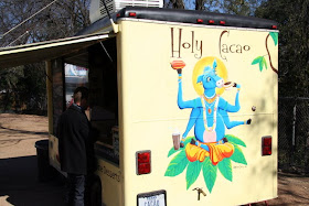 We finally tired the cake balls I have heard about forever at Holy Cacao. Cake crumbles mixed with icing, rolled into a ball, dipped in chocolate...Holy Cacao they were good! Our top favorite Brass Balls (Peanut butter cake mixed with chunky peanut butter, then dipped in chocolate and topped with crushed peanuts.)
---
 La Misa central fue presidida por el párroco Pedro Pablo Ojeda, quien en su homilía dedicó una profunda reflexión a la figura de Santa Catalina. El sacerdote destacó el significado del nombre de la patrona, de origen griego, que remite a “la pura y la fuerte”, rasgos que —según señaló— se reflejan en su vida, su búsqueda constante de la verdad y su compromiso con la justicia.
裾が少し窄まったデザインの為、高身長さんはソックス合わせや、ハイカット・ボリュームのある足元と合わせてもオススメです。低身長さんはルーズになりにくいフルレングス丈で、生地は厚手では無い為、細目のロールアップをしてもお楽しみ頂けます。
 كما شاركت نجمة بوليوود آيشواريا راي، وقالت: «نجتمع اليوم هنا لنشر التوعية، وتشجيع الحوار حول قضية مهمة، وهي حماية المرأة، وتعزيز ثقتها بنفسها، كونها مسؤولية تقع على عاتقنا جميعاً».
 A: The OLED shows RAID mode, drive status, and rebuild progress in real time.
...
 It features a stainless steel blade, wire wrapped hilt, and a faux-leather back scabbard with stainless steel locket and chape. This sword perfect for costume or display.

(Exercise description)
Would you copy, unchanged, the stretch of the records above that begins at the line containing "La Misa central" and ends at the line containing "A: The OLED", and only that?

(Task answer)
 La Misa central fue presidida por el párroco Pedro Pablo Ojeda, quien en su homilía dedicó una profunda reflexión a la figura de Santa Catalina. El sacerdote destacó el significado del nombre de la patrona, de origen griego, que remite a “la pura y la fuerte”, rasgos que —según señaló— se reflejan en su vida, su búsqueda constante de la verdad y su compromiso con la justicia.
裾が少し窄まったデザインの為、高身長さんはソックス合わせや、ハイカット・ボリュームのある足元と合わせてもオススメです。低身長さんはルーズになりにくいフルレングス丈で、生地は厚手では無い為、細目のロールアップをしてもお楽しみ頂けます。
 كما شاركت نجمة بوليوود آيشواريا راي، وقالت: «نجتمع اليوم هنا لنشر التوعية، وتشجيع الحوار حول قضية مهمة، وهي حماية المرأة، وتعزيز ثقتها بنفسها، كونها مسؤولية تقع على عاتقنا جميعاً».
 A: The OLED shows RAID mode, drive status, and rebuild progress in real time.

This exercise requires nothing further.